May discussed the costing approach and its role in Spartan's re-engineering strategy during a seminar at the Food Marketing Institute's convention here this month.
"Over time, we anticipate reducing our costs of acquisition, and Spartan will pass those savings on to our customers," he added.
According to May, most manufacturers are still clinging to old pricing programs while reviewing new approaches. But he said he expects manufacturers to begin phasing in new structures over the next 18 to 24 months.
May told SN Spartan will test ECR pricing early this summer, "and, based on examples we've seen, we anticipate product cost reductions of up to 30% through the use of efficient business practices," he told the seminar.
"We're not interested in collecting fees but in becoming more efficient to provide goods at a cheaper price to our customers and to the ultimate consumer," he added.
In pilot tests using vendor-managed inventories and based on warehouse withdrawals, "Spartan has seen inventory levels drop 30% to 40% and seen savings in inventory levels on hand," May said, "and we expect more significant changes once point-of-sale data becomes available."
Sharing the podium with May was Marv Imus, owner of Paw Paw Shopping Center, a single-store Spartan customer based in Paw Paw, Mich., who discussed the effect of fee structures on the cost of goods.
"The actual cost of goods has been buried in the costs of doing business for a long time, but now that we're able to determine what they are, we can address the issue of fee structures," Imus said. "Fees are a hard pill for retailers to swallow, but if we don't break the costs out, we can't address these issues."
May said full disclosure is necessary to eliminate areas of distrust between distributors and manufacturers. "But now the question of how the cost of goods got to be what it is can be answered by tracking back so customers can understand why they pay what they do," he said.
Cost structures, along with such practices as street money, forward buying and diverting, fuel mistrust, "but activity-based costing is changing all that," he said.
"The level of trust and the amount of disclosure taking place are exploding, driven by competitive pressures," May said.
"Spartan is helping its retailers develop strategic business plans based on an amount of information provided by the retailers that we've never had before."
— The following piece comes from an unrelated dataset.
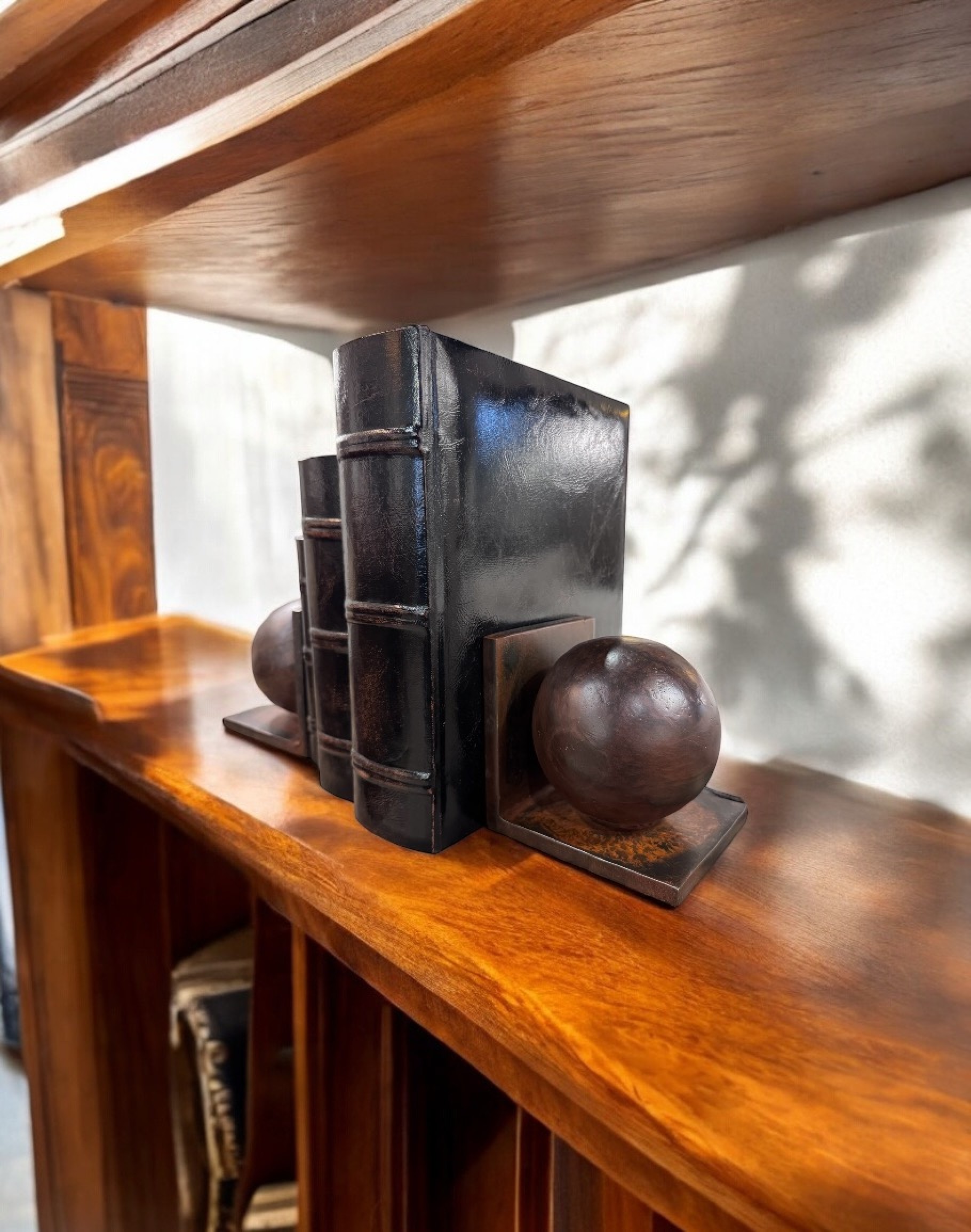 Natural Finish Wax cast iron ball bookends (pair). Can be used as door stops or paper weights.

Another seminar participant, Mark Feldpausch, vice president of administration at G&R Felpausch, Hastings, Mich., said the need to share information is essential "if we're serious about cleaning up the distribution process, because until we can move information back and forth, we won't be able to pull the dead wood out.
"And that's something we must do to benefit ourselves and our consumers," he added.
Feldpausch said one result of ECR "has been to create a different level of trust between retailers and their wholesale suppliers. It has forced us to challenge each other on a higher level for pure business reasons, and at this point, on a scale of one to 10, I'd say the level of trust is past eight and moving to nine."
According to May, cooperation with wholesalers is essential for independents to survive.
"Survival is not a question of the size of a retail operation but whether a retailer is willing to partner with his wholesaler and work hand-in-hand on business issues," he said.
As Spartan developed its re-engineering program over the last five years, "the retailer was by our side through all decisions, because it's easier to trust and believe people when you allow them to be in on the planning and decision-making process so they don't feel decisions are being foisted on them later."
May said Spartan's major challenge is convincing customers to get involved in ECR efforts despite their success with select projects.
"We have a lot of retailers who are successful within their own niches who aren't facing much new competition, and it's hard to convince them to change because their success makes them feel they have no reason to change," he said.
"But as new competition expands, we're getting close to the midnight hour, and those who don't start now will be dead, even though they may not fall over for a while. The challenge to Spartan is to convince customers that they must embrace ECR technologies now."
Large manufacturers are meeting with Spartan on a regular basis to discuss ECR programs, May said, "but some smaller manufacturers are intensifying their street money and their forward-buy programs at the retail level to go around us, and that confuses our customers."